Material for the task –

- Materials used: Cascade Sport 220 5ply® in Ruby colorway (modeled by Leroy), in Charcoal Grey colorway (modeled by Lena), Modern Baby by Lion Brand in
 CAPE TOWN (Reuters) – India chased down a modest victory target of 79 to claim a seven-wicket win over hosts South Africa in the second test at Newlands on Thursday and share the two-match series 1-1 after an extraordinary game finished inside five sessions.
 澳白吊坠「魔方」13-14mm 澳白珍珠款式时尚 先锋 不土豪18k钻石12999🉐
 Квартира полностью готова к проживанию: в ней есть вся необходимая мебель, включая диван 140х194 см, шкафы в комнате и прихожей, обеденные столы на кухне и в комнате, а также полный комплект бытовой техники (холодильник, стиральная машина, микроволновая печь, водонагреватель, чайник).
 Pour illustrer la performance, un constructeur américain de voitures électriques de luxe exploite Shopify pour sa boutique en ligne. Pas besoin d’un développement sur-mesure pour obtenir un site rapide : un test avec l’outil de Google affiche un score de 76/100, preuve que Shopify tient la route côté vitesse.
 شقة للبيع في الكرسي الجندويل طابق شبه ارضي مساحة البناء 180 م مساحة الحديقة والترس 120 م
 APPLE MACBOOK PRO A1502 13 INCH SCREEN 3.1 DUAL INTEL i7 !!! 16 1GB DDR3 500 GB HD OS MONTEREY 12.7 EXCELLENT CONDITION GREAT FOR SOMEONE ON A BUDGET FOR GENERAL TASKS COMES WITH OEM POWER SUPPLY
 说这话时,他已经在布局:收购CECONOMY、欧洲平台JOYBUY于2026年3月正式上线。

==

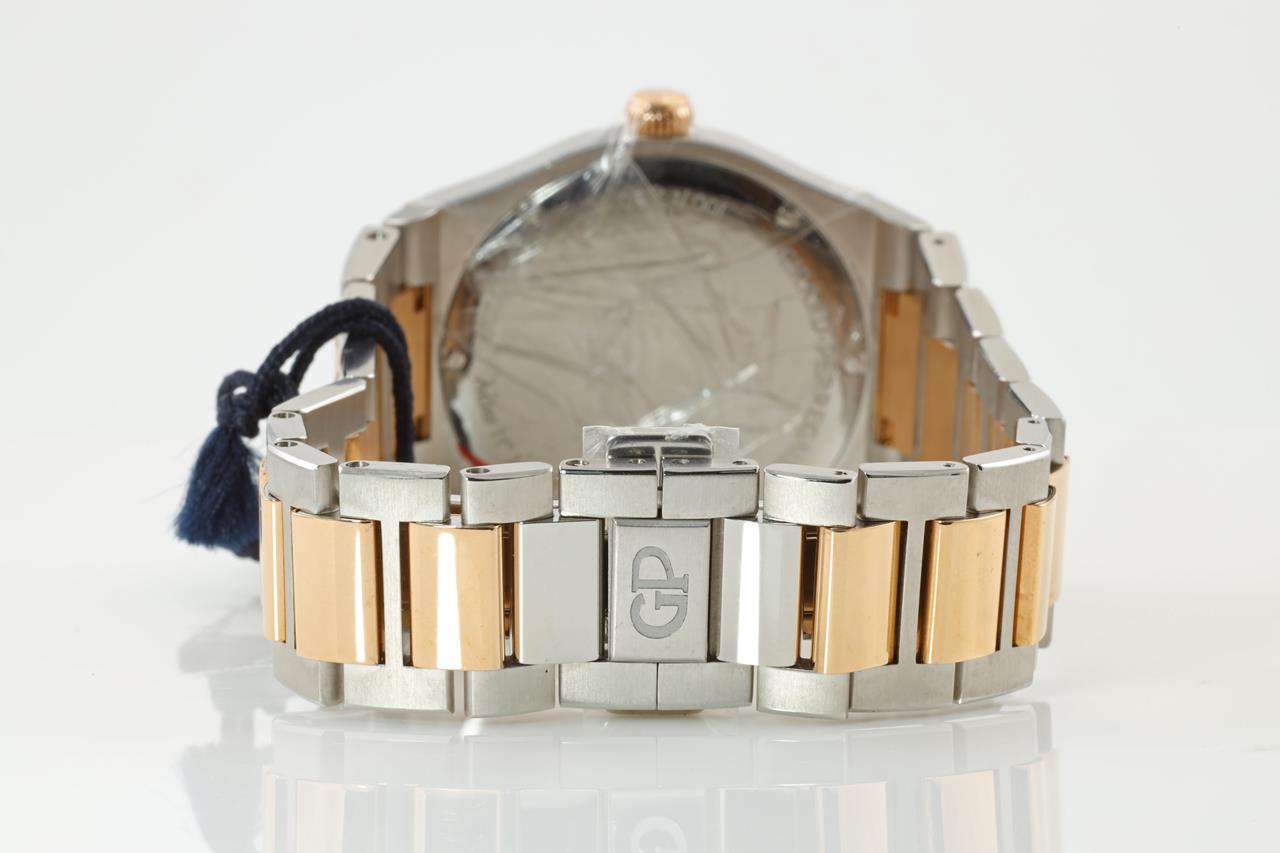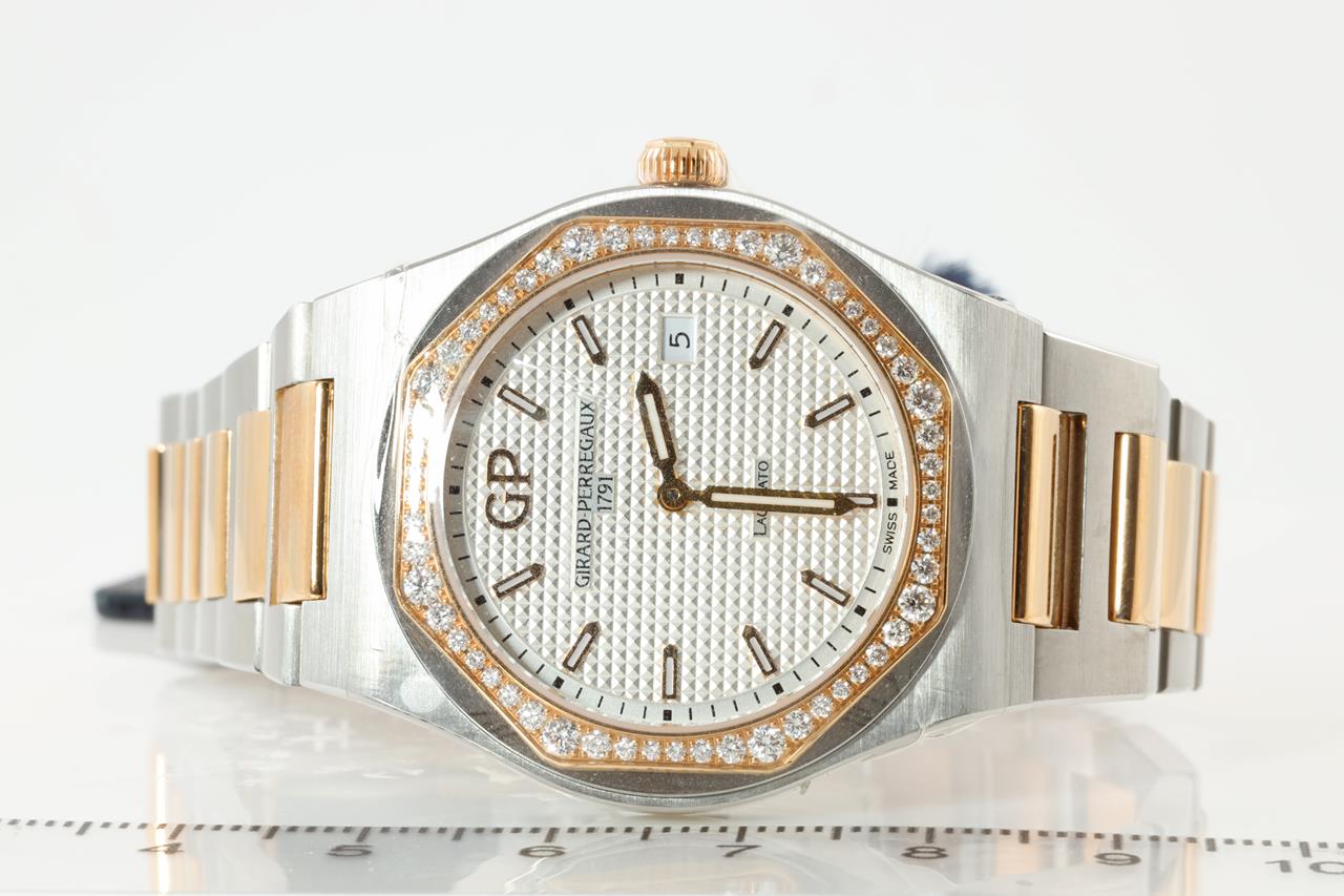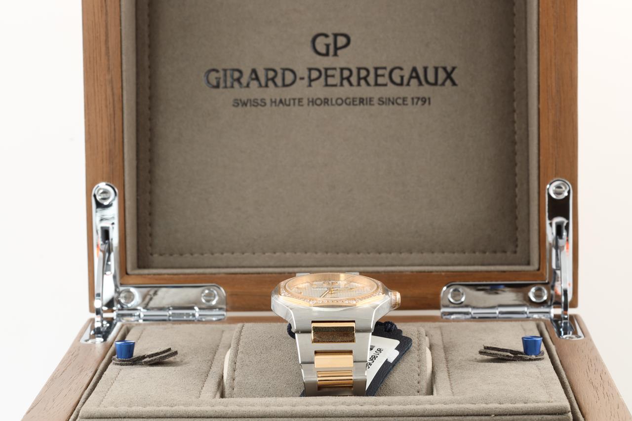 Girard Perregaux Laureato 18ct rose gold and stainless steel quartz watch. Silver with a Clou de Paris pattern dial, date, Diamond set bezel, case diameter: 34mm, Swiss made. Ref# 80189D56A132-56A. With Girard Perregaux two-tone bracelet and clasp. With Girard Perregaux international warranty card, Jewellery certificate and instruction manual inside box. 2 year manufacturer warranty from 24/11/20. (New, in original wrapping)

==

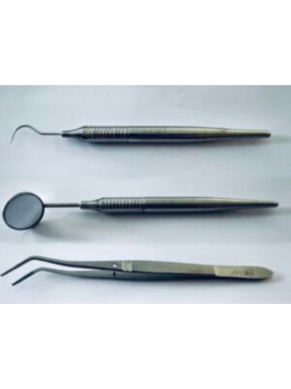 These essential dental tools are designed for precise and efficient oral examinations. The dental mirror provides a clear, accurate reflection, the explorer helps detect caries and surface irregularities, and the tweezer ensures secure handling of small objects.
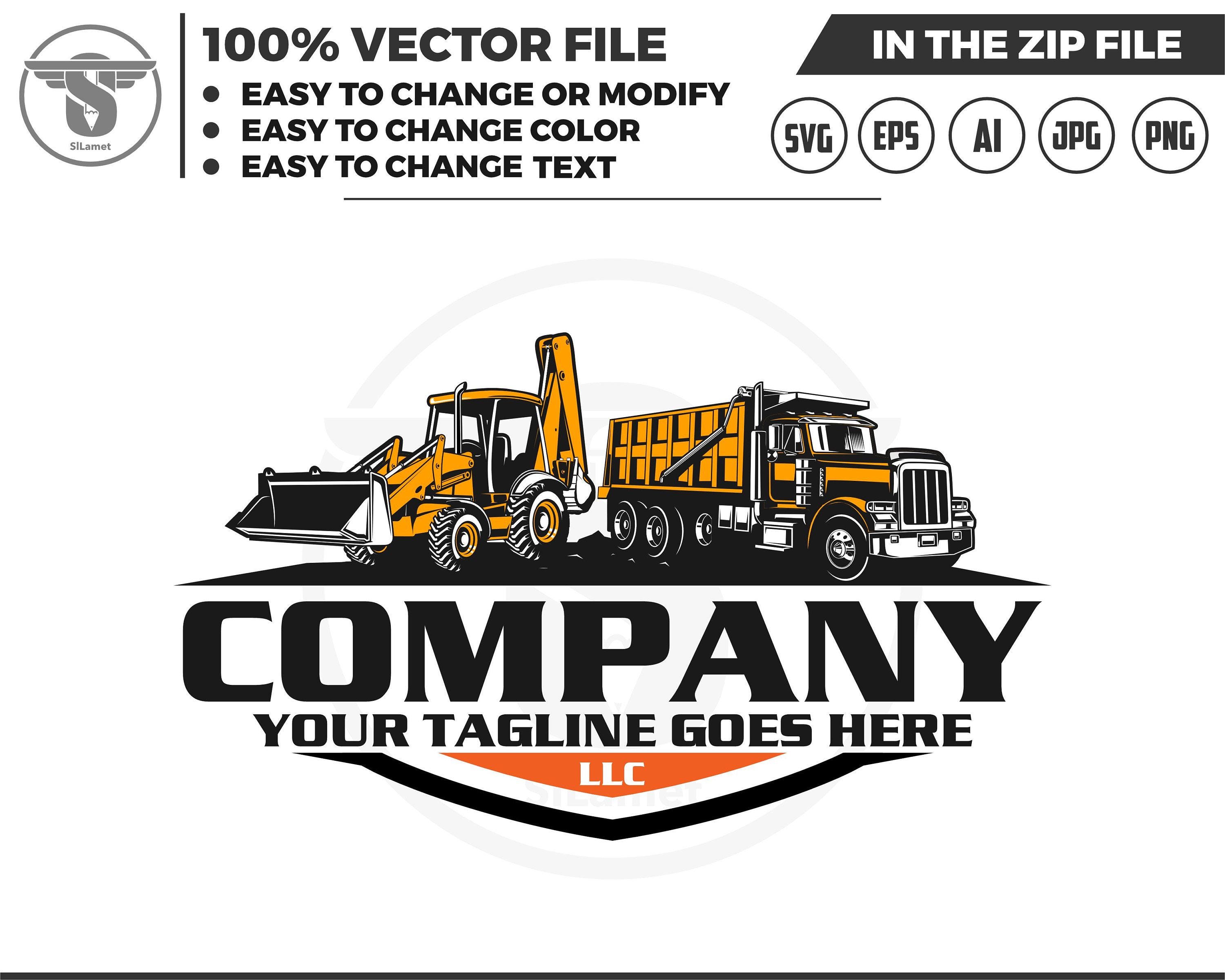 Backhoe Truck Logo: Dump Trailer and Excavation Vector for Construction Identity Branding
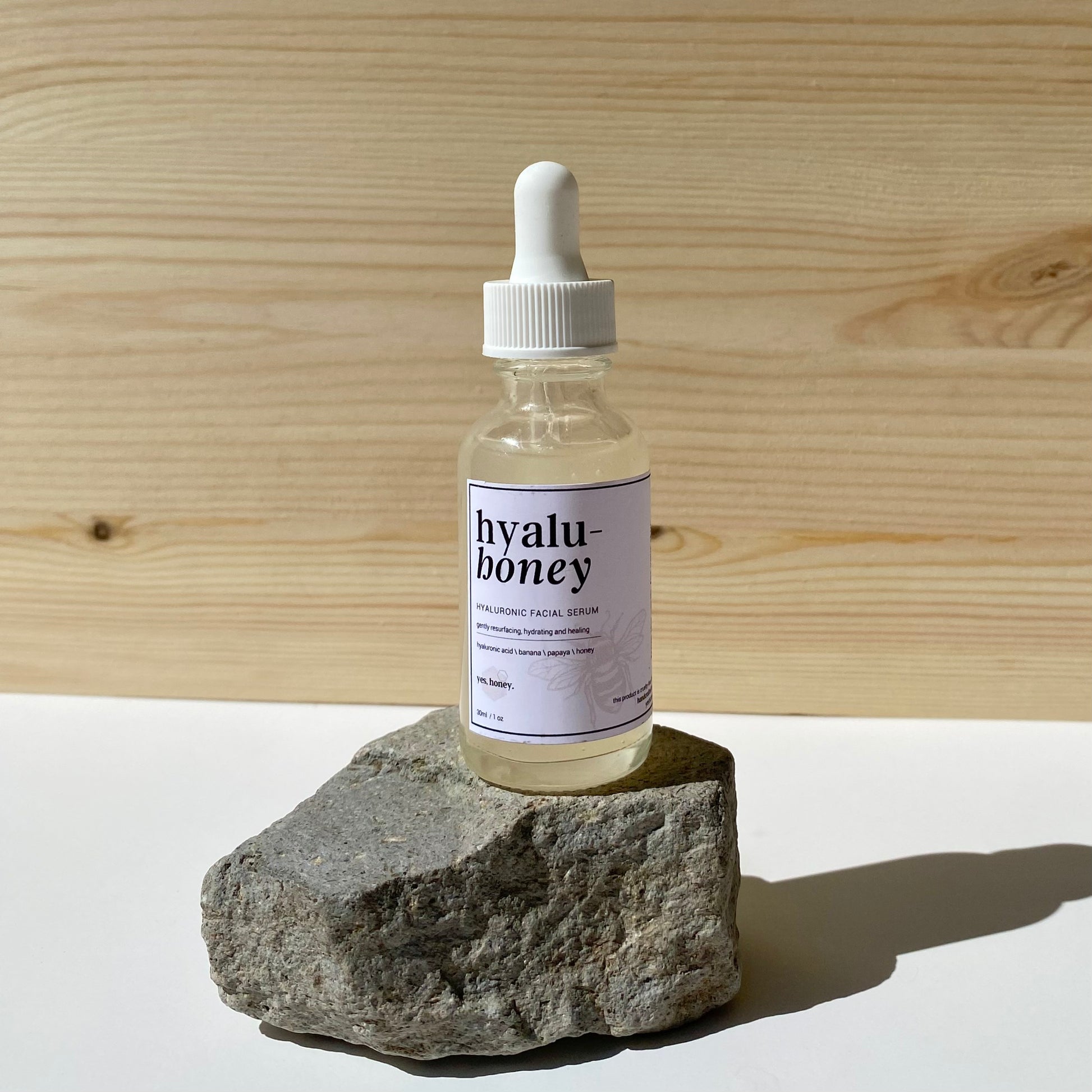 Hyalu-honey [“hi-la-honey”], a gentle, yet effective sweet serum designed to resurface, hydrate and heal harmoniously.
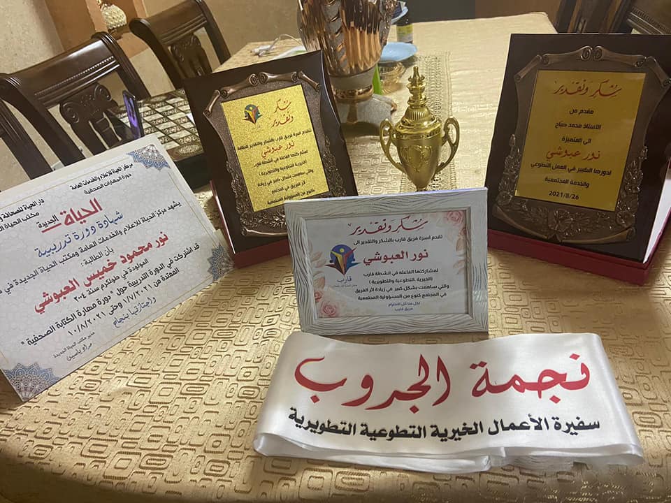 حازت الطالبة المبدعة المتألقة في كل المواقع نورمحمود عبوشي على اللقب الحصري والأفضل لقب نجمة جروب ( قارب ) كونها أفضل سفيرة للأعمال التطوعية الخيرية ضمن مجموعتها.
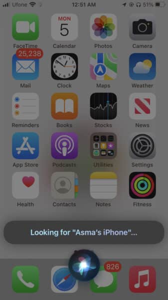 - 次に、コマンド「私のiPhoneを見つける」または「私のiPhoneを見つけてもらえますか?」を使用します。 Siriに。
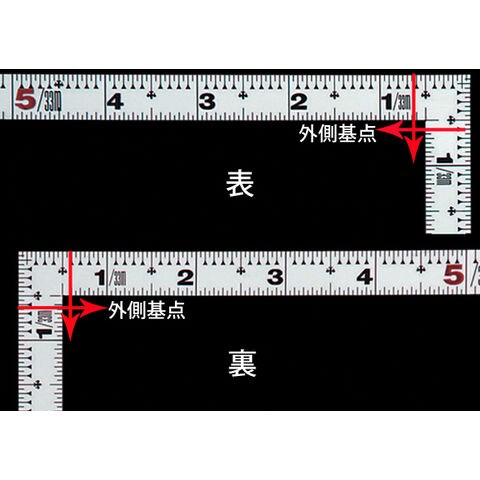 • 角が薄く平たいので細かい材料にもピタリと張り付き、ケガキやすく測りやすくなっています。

What to produce – For this exercise, output exactly the lines above from the line with "APPLE MACBOOK PRO" to the line with "说这话时,他已经在布局:收购", counting both, and leave out the rest.

Solution for this problem –
 APPLE MACBOOK PRO A1502 13 INCH SCREEN 3.1 DUAL INTEL i7 !!! 16 1GB DDR3 500 GB HD OS MONTEREY 12.7 EXCELLENT CONDITION GREAT FOR SOMEONE ON A BUDGET FOR GENERAL TASKS COMES WITH OEM POWER SUPPLY
 说这话时,他已经在布局:收购CECONOMY、欧洲平台JOYBUY于2026年3月正式上线。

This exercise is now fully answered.